Session Ready
Exercise

Network randomizations

In the previous exercise you may have noticed that the average path length of the Forrest Gump network was smaller than the average path length of the random network. If you ran the code a few times you will have noticed that it is nearly always lower in the Forrest Gump network than the random network. What this suggests is that the Forrest Gump network is more highly interconnected than each random network even though the random networks have the same number of vertices and approximately identical graph densities. Rather than re-running this code many times, you can more formally address this by creating 1000 random graphs based on the number of vertices and density of the original Forrest Gump graph. Then, you can see how many times the average path length of the random graphs is less than the original Forrest Gump network. This is called a randomization test.

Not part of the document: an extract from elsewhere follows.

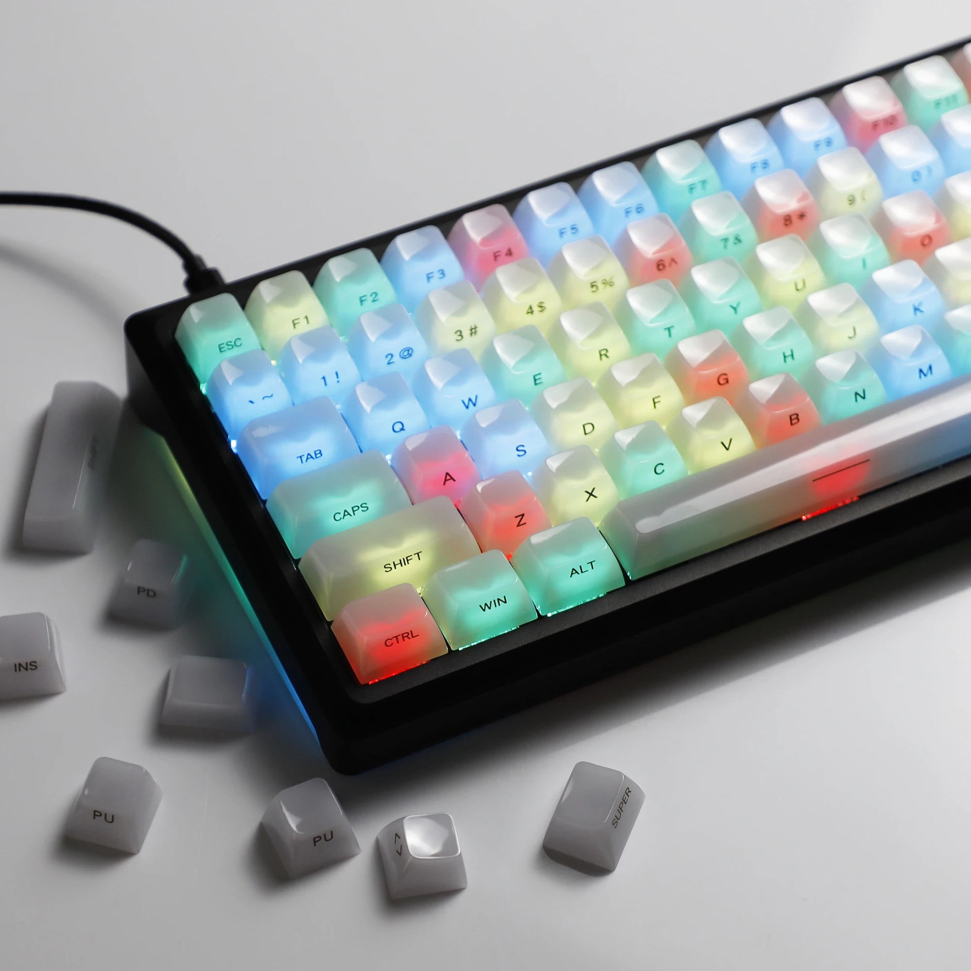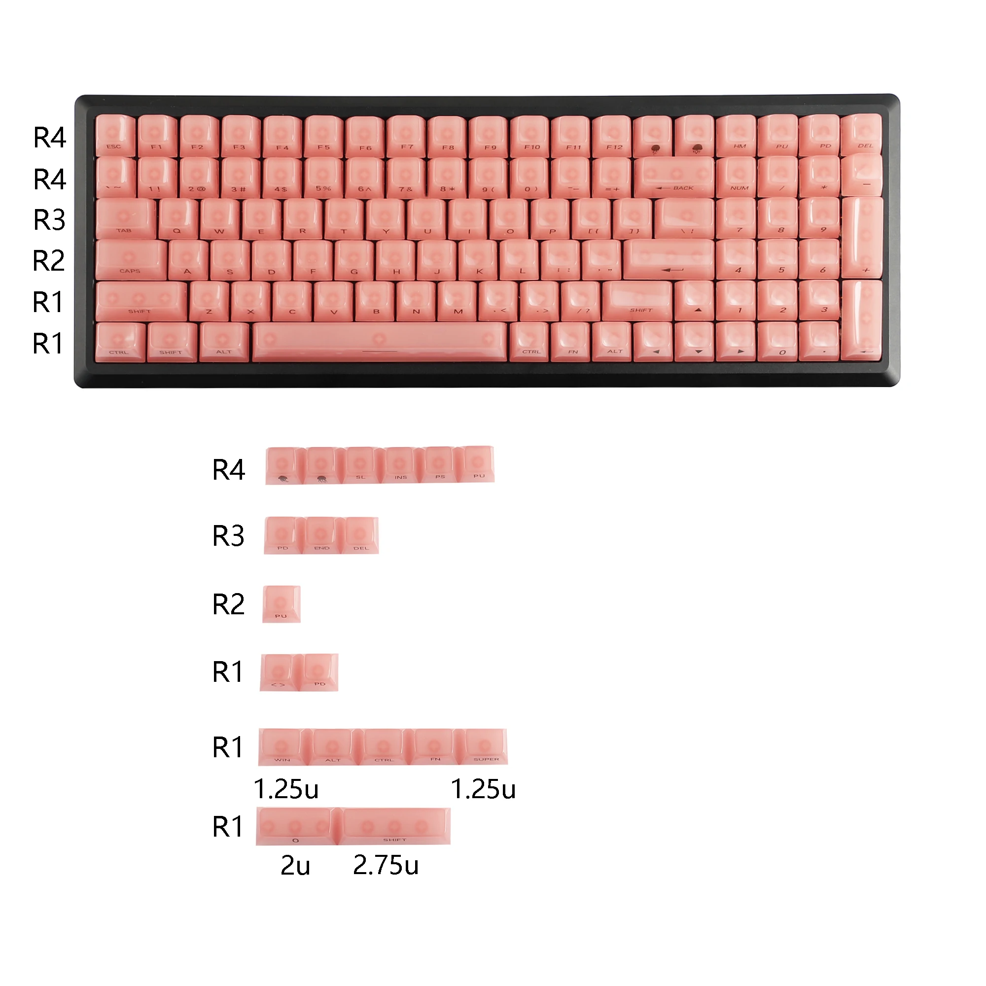 Enhance your mechanical keyboard with these vibrant 119-key jellyfish-themed keycaps in Pink, White, or Red, crafted from durable PC material. Featuring a sleek MDA profile that closely resembles OEM, these keycaps offer an ergonomic typing experience with a height range from R4 to R1. The five-sided shine-through effect amplifies RGB lighting, creating a stunning, colorful glow that transforms your setup. Compatible with most 61, 64, 67, 68, 84, and 87 MX mechanical keyboards with a 6.25u spacebar (around 4.61″), excluding low-profile MX, Corsair, Logitech, Razer, and APEX models with raised LEDs. Elevate your keyboard aesthetics and enjoy a lively, unique look.

The graph g, and its average path length (that you calculated in the previous exercise), g.apl are in your workspace.

Instructions
100 XP
  • Generate 1000 random graphs of the original graph g by executing the code that creates the list object gl and the for loop.
  • Calculate the average path length of the 1000 random graphs using lapply(). Create a vector gl.apls of these 1000 values by executing the code that uses unlist().
  • Plot a histogram of the average path lengths of the 1000 random graphs using hist() on the vector gl.apls. Add a red dashed vertical line to the plot using abline() with the x-intercept being the value of the average path length of the original graph, g.apl.
  • Calculate the proportion of times that the values of the average path length of random graphs gl.apls are lower than the value of the original graph g.apl. This is essentially the probability that we would expect our observed average path length by chance given the original density and number of vertices of the original graph.